This is the world that Shawn and I built, and there is no place I’d rather live. It’s a long weekend. For a decent portion of the world, it’s easter weekend, but, since we don’t subscribe to christian or catholic belief systems, for us, it’s just bonus family time. And it’s been wonderful. I’ve texted with both of my older children who no longer live at home, I’ve talked to one of my sisters and my sisters in law, but it’s what we’ve shared together that really makes me proud of the family we have built.
I love that we still do so many things as a family. Grocery shopping, clean up the yard, laugh, cook, clean, watch movies in a snuggled heap in the basement. Even shave the dogs fur, we did in a cluster in the bathroom. A hilarious chore in which Kermit the dog shed his fur and we all began to wear it. He now, by the way, resembles a baby goat and is pouncing around the house like a crazed maniac as if the new lightness of weight is literally lifting him off the floor with each step.

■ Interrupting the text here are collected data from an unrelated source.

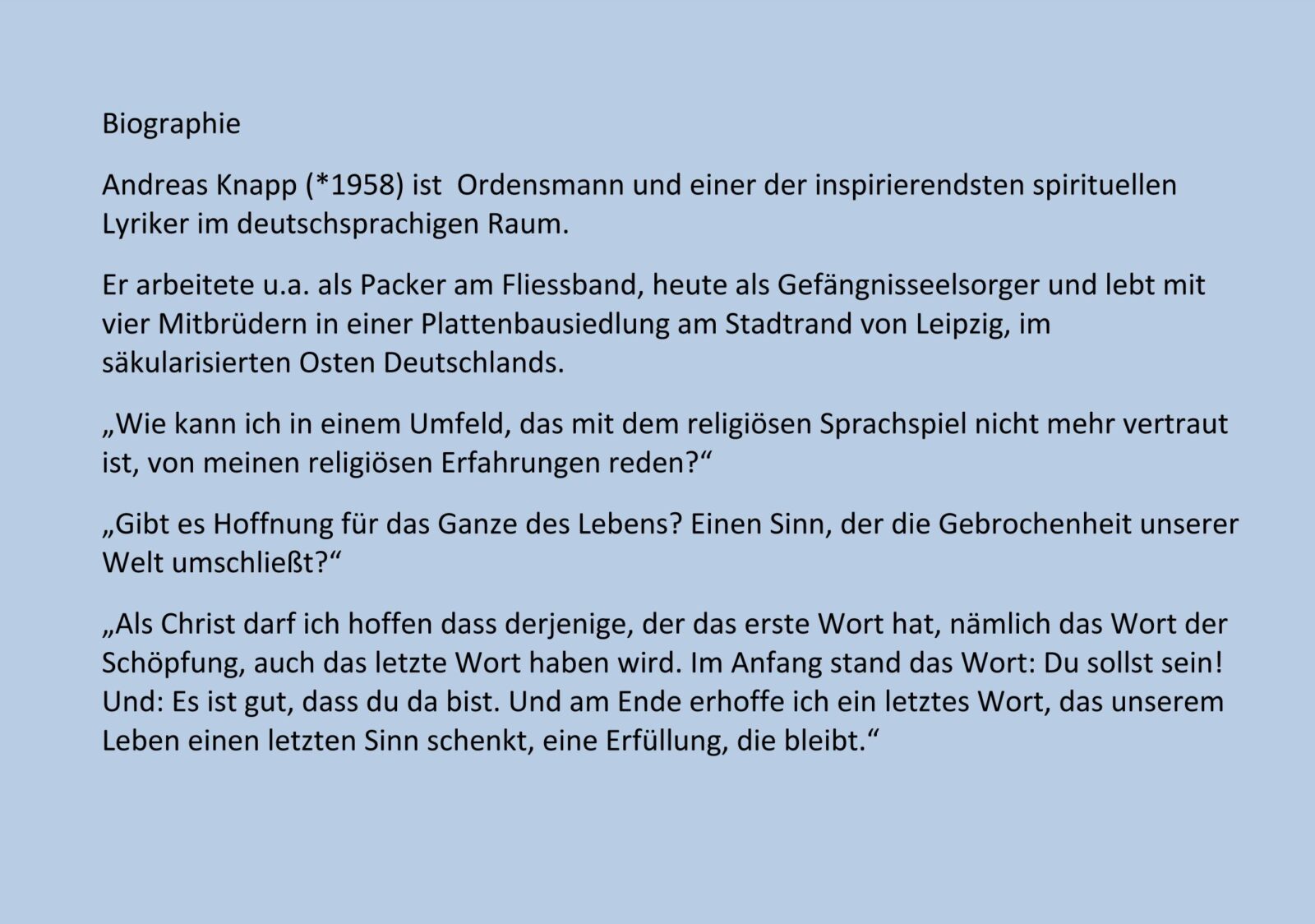 Justin Koller schreibt dazu: „Das Monatsgedicht nimmt das Thema Hoffnung an Ostern auf. Der Ordensmann Andreas Knapp schreibt lyrische Texte in einer Sprache für Menschen, die am Rande der Gesellschaft leben und wenig mit Religion zu tun haben. Durch sein soziales Engagement wirkt er authentisch. Ich wünsche frohe Festtage mit besinnlichen Momenten.“ (Gestaltung: Eigenkreation Justin Koller)
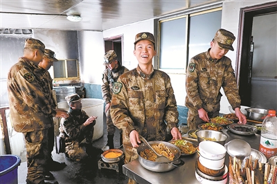 戰(zhàn)士夏夢(mèng)鑫兼任哨所的“大廚”,他喜歡和官兵交流做各地的家鄉(xiāng)菜,把哨所廚房變成了一個(gè)融合東西南北中菜肴的“烹飪學(xué)?!薄?/p>
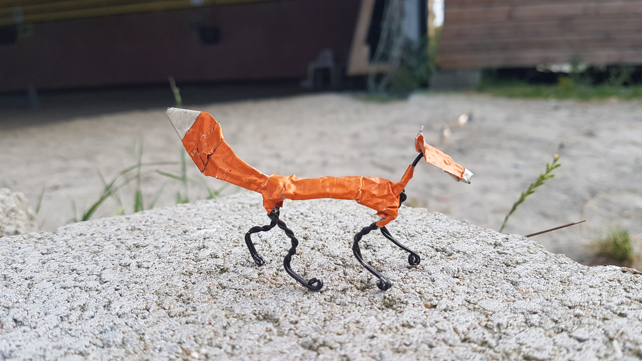 Les différents morceaux sont reliés entre eux avec du fil aluminium. Cela permettra de faire bouger le tout petit à petit pour faire une petite…

I love that my middle daughter spent time yesterday helping me lay out fabric and cut a pattern for a dress. She wants me to teach her how to use the sewing machine, and I love that.
Earlier this week I teased my husband on Facebook that he should buy my ballet shoes (I’ve always wanted them) and today he ordered them. He gets my desire for things like this and he humours me because he loves me.
Friday we had a very serious talk with our girls about sex. They are 17 and nearly 19 and we run a fairly open household where no subject is forbidden. In this case, it was about how important communication is, how important it is to have a healthy relationship with your own body and not to feel shame as a first response to sexual health. I grew up in a strict household that taught abstinence before all else, and I spent many years filled with shame about my body. It’s not what I want for our children. Thankfully we’ve been blessed with kids who are excellent self-advocators. Kids who know their worth, and conversations like the one we had Friday make me prouder than ever of what we’ve taught them.
Fridays talk during the day led to a talk Friday night. A girl at school with my two youngest was being cyber bullied by some boys. A couple of those boys, while not doing much of the actual bullying, we’re a part of the group chat and were contributing by way of “yeah” and “lol” comments. My youngest stood up to them. He called them out on their behaviour and spoke up. It’s takes a strong person to stand up to bullies and a stronger one to stand up to his friends, but again, the kinds of people we’ve raised our kids to be, and Shawn and I watched as our boy behaved as a man.
We’ve had such moments of pride this weekend and almost all of them revolved around our children and the people they’ve become, and are still becoming.
Yesterday afternoon as Shawn and I sat on our front porch in the sunshine, we shared more than one look across the porch. We are so lucky, we often tell one another. So lucky. It hasn’t always been easy, in fact sometimes it’s been downright painful and difficult, but all the pain and “hard” is worth it in the long run. Because this is the land we live in, the world we created, and I love every bit of it.